Task instructions: Repeat the data that follows, word for word, without the images.

Input data:
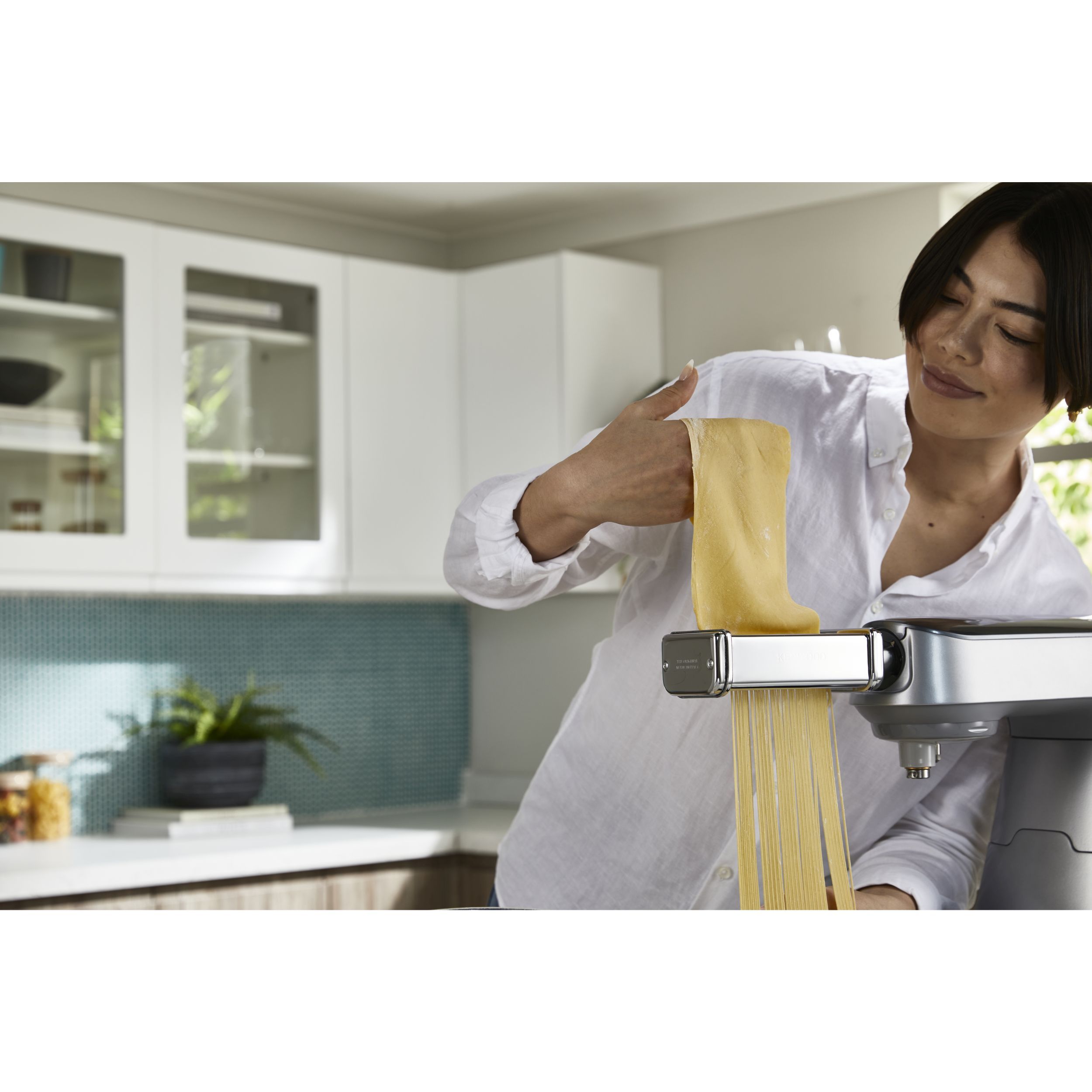 Accesoriul taie cu precizie pastele rulate pentru a crea Tagliolini cu lățime de 1,5mm. Veți avea nevoie de accesoriul rolă lasagna pentru a rula mai întâi pastele până la grosimea dorită.
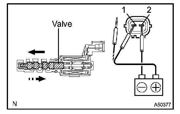 b. Connect the battery's positive (+) lead to terminal 1 and negative (-) lead to terminal 2, and check the movement of the valve.
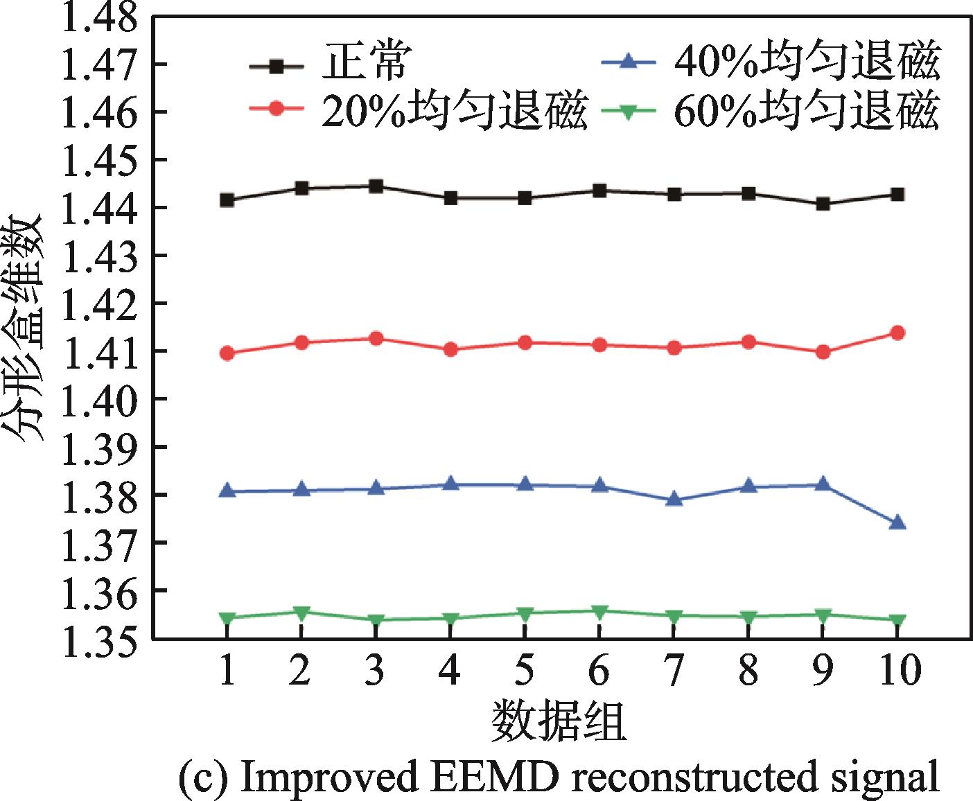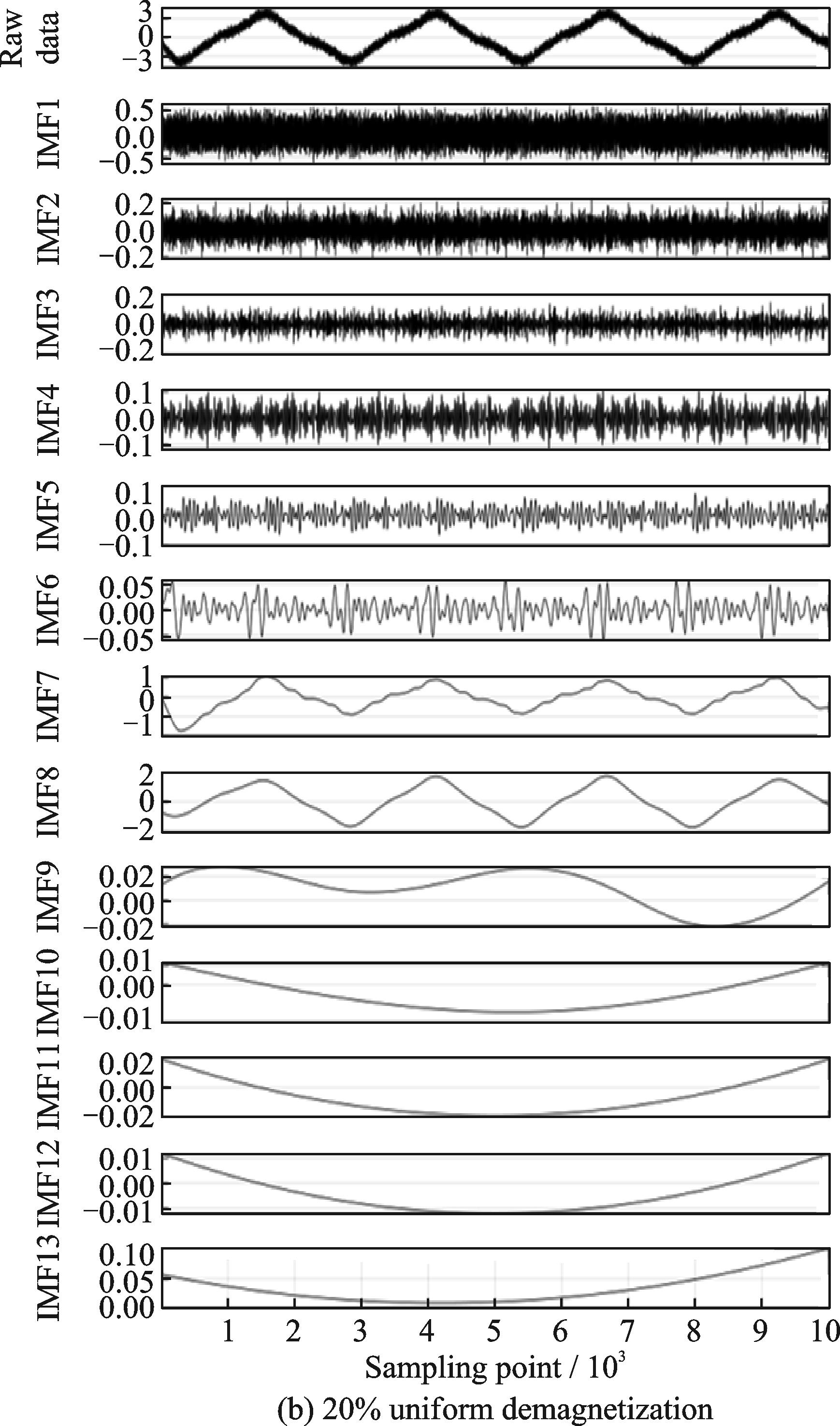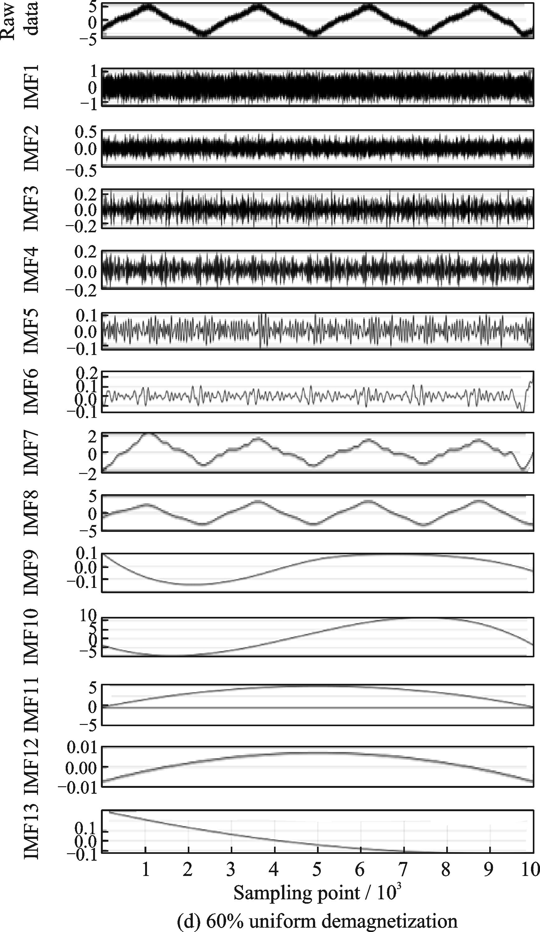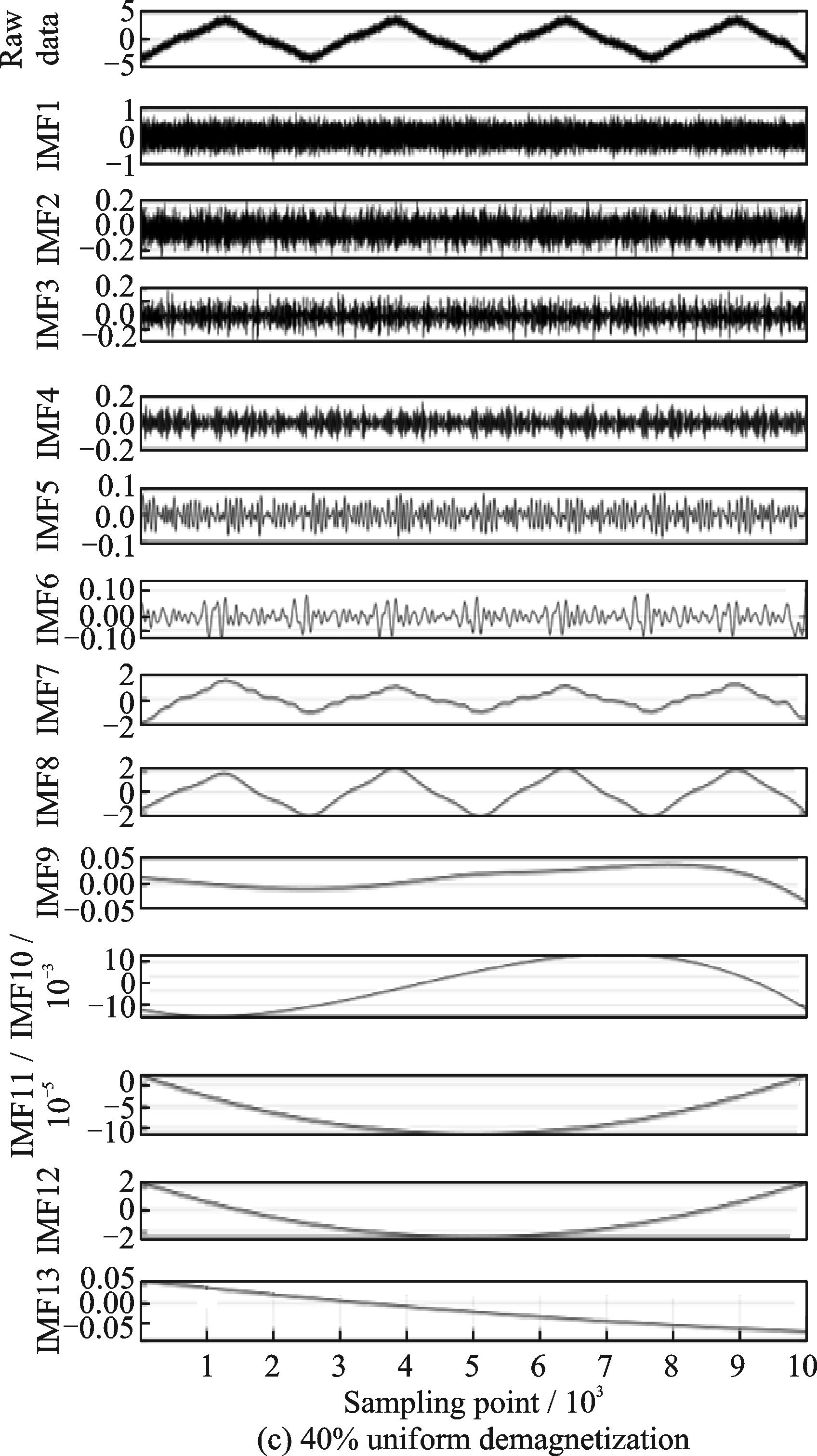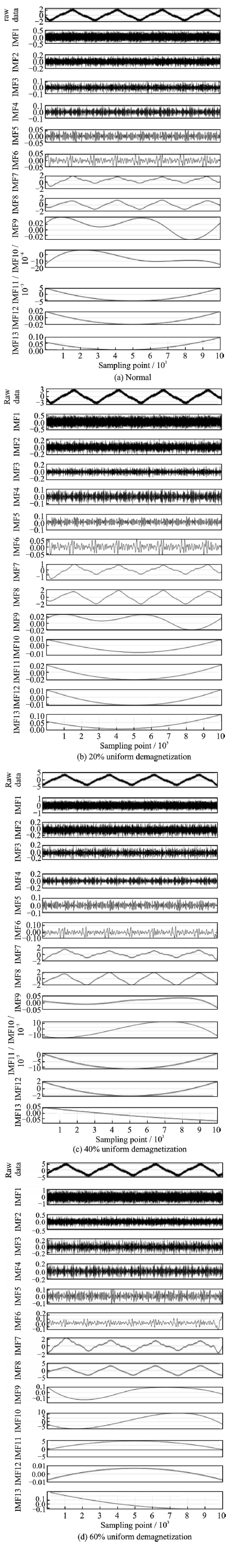 摘要:基于电流信号提供了一个新的不同均匀退磁程度的故障诊断方法,研究了永磁同步电机(Permanent magnet synchronous motors,PMSMs)的均匀退磁故障诊断方法。提出了一种基于改进的集合经验模式分解(Ensemble empirical mode decomposition,EEMD)算法和粒子群优化-支持向量机(Particle swarm optimization-support vector machine,PSO-SVM)的故障诊断方法。首先利用改进EEMD对采集的定子电流信号进行降噪和重构。其次计算处理后数据的分形盒维数作为故障特征参数。最后通过PSO-SVM处理特征参数诊断均匀退磁故障。通过解析模型仿真实验和原型实验表明,该方法能准确识别永磁同步电机均匀退磁故障,平均识别率超过96%,证明了本文故障诊断方法的有效性。

Response to this exercise:
 Accesoriul taie cu precizie pastele rulate pentru a crea Tagliolini cu lățime de 1,5mm. Veți avea nevoie de accesoriul rolă lasagna pentru a rula mai întâi pastele până la grosimea dorită.
 b. Connect the battery's positive (+) lead to terminal 1 and negative (-) lead to terminal 2, and check the movement of the valve.
 摘要:基于电流信号提供了一个新的不同均匀退磁程度的故障诊断方法,研究了永磁同步电机(Permanent magnet synchronous motors,PMSMs)的均匀退磁故障诊断方法。提出了一种基于改进的集合经验模式分解(Ensemble empirical mode decomposition,EEMD)算法和粒子群优化-支持向量机(Particle swarm optimization-support vector machine,PSO-SVM)的故障诊断方法。首先利用改进EEMD对采集的定子电流信号进行降噪和重构。其次计算处理后数据的分形盒维数作为故障特征参数。最后通过PSO-SVM处理特征参数诊断均匀退磁故障。通过解析模型仿真实验和原型实验表明,该方法能准确识别永磁同步电机均匀退磁故障,平均识别率超过96%,证明了本文故障诊断方法的有效性。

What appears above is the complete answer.